General Collateral At -0.002%: Lowest EVER, As Scramble Out Of Money Markets Hits Afterburner, Primes

A few days ago we pointed out that special repo rates are now negative. Fine. How big is special collateral after all - in the grand scheme of things it is a tiny market. Well, as of today, General Collateral just hit -0.002, the lowest rate in the history of the series, and in our humble opinion this is a far more troubling indication of broad liquidity developments than the 1 month bill touching on -0.001%. Simply said, this confirms our speculation that there is now a massive rolling of funding out from money markets and into any market that will accept the maturing short term funding without it being rolled due to European contagion concerns. We said: "this latest move has unpleasant implications for money market managers, who unable to find yield in repo (0.01%?) will now be forced to look for higher yielding assets, and thus expose them to even more contagion risk once the house of cards falls, facilitating the "breakage of the buck" once again just like what happened in the aftermath of the Lehman catastrophe, and snarling all global fund flows, forcing the Fed to become liquidity provider of last resort." As of today, this prediction is well en route to being confirmed.

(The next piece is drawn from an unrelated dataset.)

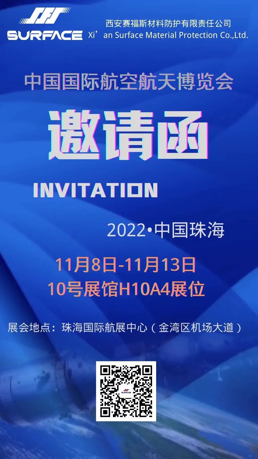2022年11月8-13日,第十四届中国国际航空航天博览会(珠海航展)将在广东省珠海市金湾区珠海国际航展中心盛大开幕。赛福斯公司将在十号展馆H10A4展位邀您共赴蓝天盛会,真诚期待您的到来!

After we have been pounding the table on this threat for over a week, finally this topic has gotten sufficiently relevant that Bloomberg decided to dedicate an article to it:

Institutional investors pulled out of U.S. prime money market funds at the fastest pace in 15 months as they shifted assets to funds that invest only in U.S. government-backed securities.

Institutional funds eligible to buy corporate debt lost $39 billion to net withdrawals in the week ended June 28 and $75 billion in the past two weeks, according to data from research firm iMoneyNet in Westborough, Massachusetts. Institutional money funds that buy only U.S. government-backed securities gathered $27 billion in net deposits

The logic for the scramble out of money funds is as expected: Europe.

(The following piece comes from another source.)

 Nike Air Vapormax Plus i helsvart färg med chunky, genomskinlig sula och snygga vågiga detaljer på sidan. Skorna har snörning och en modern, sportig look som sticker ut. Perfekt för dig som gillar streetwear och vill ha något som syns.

The European sovereign debt crisis has raised concern that prime money market funds may suffer losses if sovereign defaults cause big banks to fail to meet obligations. Greek Prime Minister George Papandreou today clinched enough votes to pass the first part of an austerity plan aimed at meeting European Union aid requirements and staving off default for his debt- laden nation.

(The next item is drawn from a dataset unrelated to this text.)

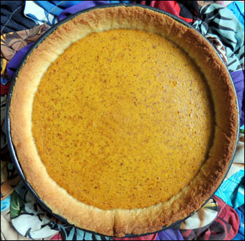 Keeping with the theme, I baked a pumpkin pie on Sunday, using some frozen mashed pumpkin from last year’s crop. This was from a Crown pumpkin – a large variety with smooth, pale grey skin and sweet orange flesh. Despite being frozen for all this time, the puree tasted very good.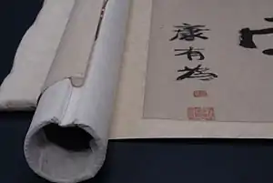 Rolls are a preferred way to store certain textiles because they help to avoid creasing or stretching. The method typically involves rolling textiles around a cardboard tube that has been covered with acid-free paper, or some other barrier, and then a plastic cover is wrapped around the rolled textile, with the ends loosely tied, to protect from dust.[1] Rolled textiles can be placed on a shelf, but a preferred method is to suspend them horizontally by the ends of the tubes, which keeps the textiles from being damaged by pressure.[1]

A Greek default would pose a potential threat to money funds because they have lent to European banks that, in turn, have lent to Greece and other heavily indebted European countries. U.S. money funds eligible to buy corporate debt had about $800 billion, or half their assets as of May 31, in securities issued by European banks, Fitch Ratings estimated.

And yes, it is a big move:

The $39 billion withdrawal was the most pulled from prime institutional funds in one week since investors took $42 billion out in the week ended March 16, 2010.

What is surprising is that in a closed-end liquidity system, the excess money market funds, which have certainly gone into repo, have so far not invested one cent into equity markets, and instead have pushed aggressively into general fixed income: the same product  which for the past 2 weeks has seen dramatic pain courtesy of one after another worse auction and a general blowing out of the curve now that everyone is wondering how soon before Bill Gross is finally proven right.

Per ICI, domestic equity funds saw an outflow of $4.3 billion in the week ended June 22: the 9th consecutive week of outflows, during which time mutual funds were met with $27 billion of redemptions. Is there any wonder the Fed would do everything in its power to push the market higher at the end of the month and prevent a redemption-driven liquidation drop in the market, facilitated by near record NYSE margin debt?

Is it time to start guessing who will break the buck first?